**INPUT DATA**
......
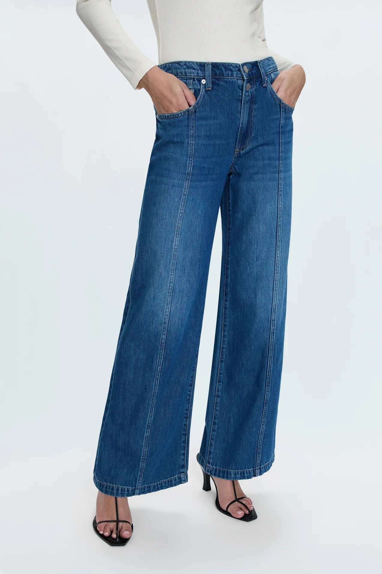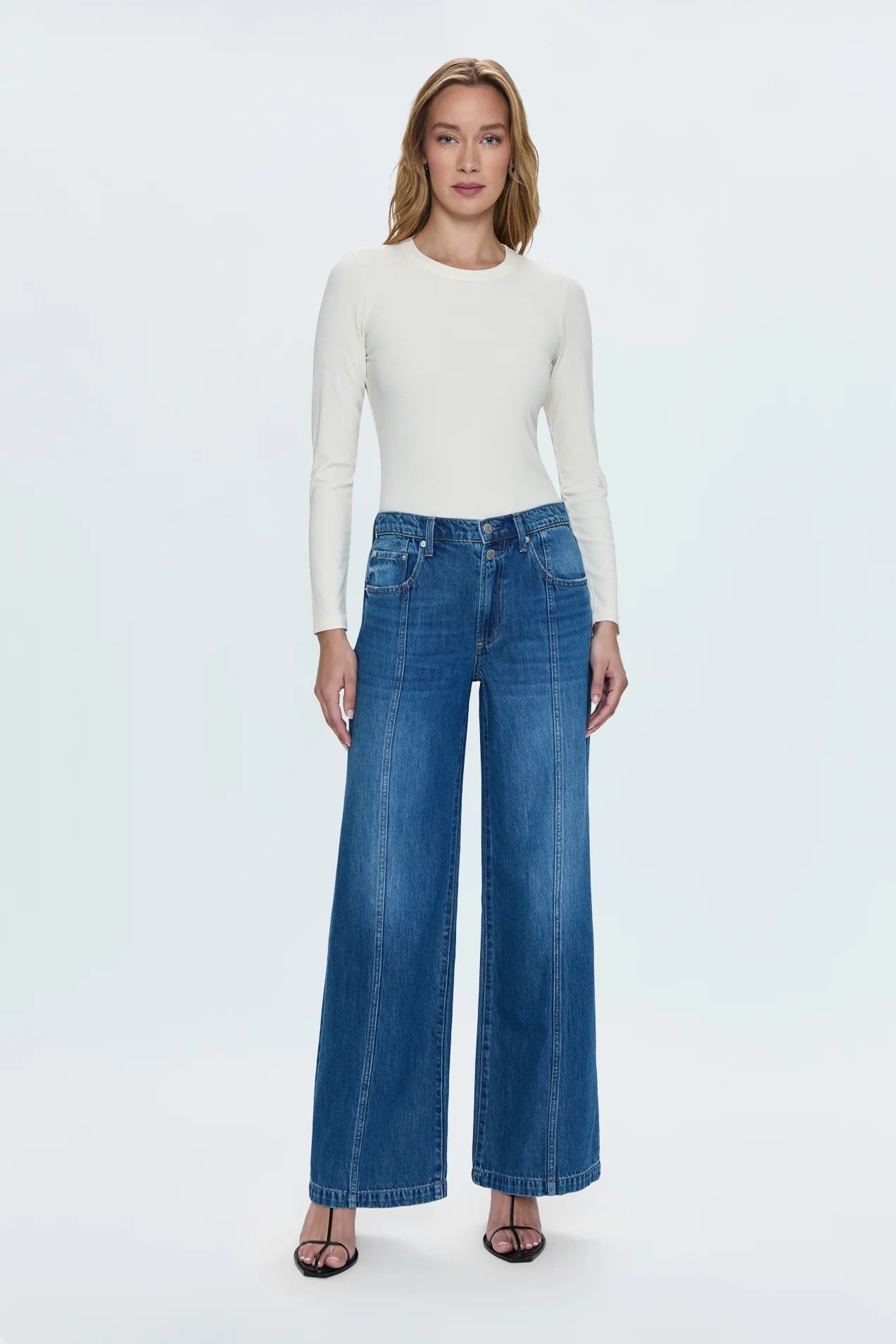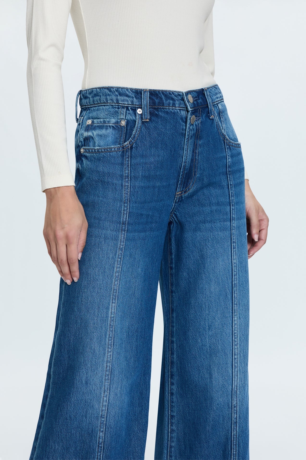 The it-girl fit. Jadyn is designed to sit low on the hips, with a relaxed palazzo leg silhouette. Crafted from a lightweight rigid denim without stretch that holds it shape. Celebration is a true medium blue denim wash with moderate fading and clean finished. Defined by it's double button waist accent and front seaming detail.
......
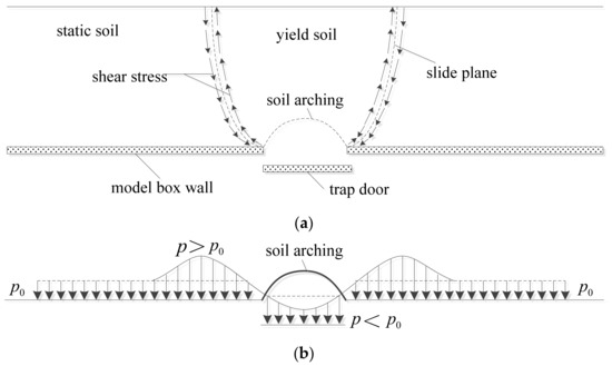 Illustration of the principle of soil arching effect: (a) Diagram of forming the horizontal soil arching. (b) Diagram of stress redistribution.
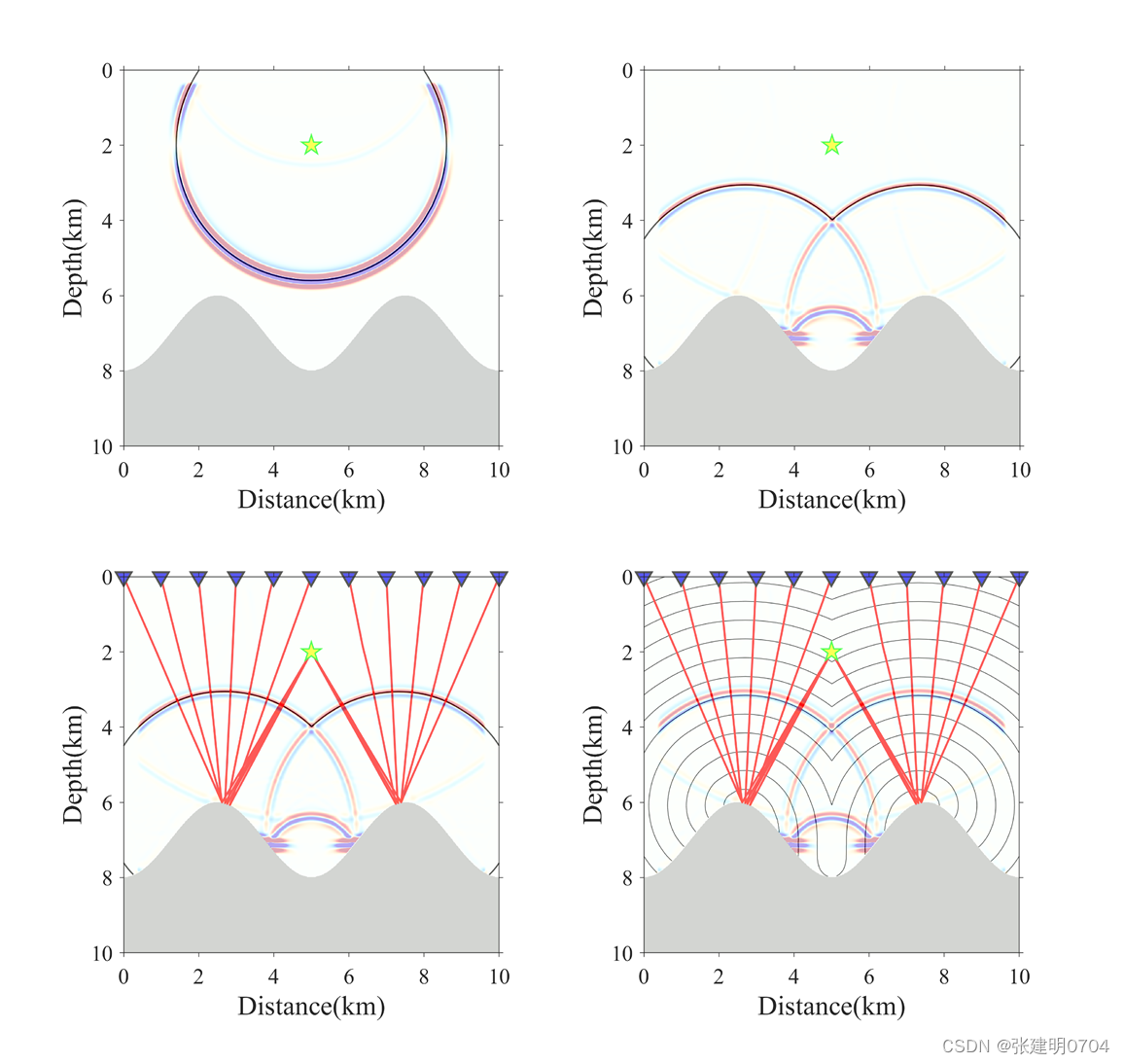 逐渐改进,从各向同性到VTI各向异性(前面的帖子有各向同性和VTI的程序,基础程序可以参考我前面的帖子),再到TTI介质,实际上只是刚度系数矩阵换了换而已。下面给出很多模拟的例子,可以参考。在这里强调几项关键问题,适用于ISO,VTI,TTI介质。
......
**WORK ORDER**
Reproduce exactly, with no pictures, the lines above from the one holding "Illustration of the" to the one holding "逐渐改进,从各向同性到VTI", inclusive.

**EXERCISE ANSWER**
 Illustration of the principle of soil arching effect: (a) Diagram of forming the horizontal soil arching. (b) Diagram of stress redistribution.
 逐渐改进,从各向同性到VTI各向异性(前面的帖子有各向同性和VTI的程序,基础程序可以参考我前面的帖子),再到TTI介质,实际上只是刚度系数矩阵换了换而已。下面给出很多模拟的例子,可以参考。在这里强调几项关键问题,适用于ISO,VTI,TTI介质。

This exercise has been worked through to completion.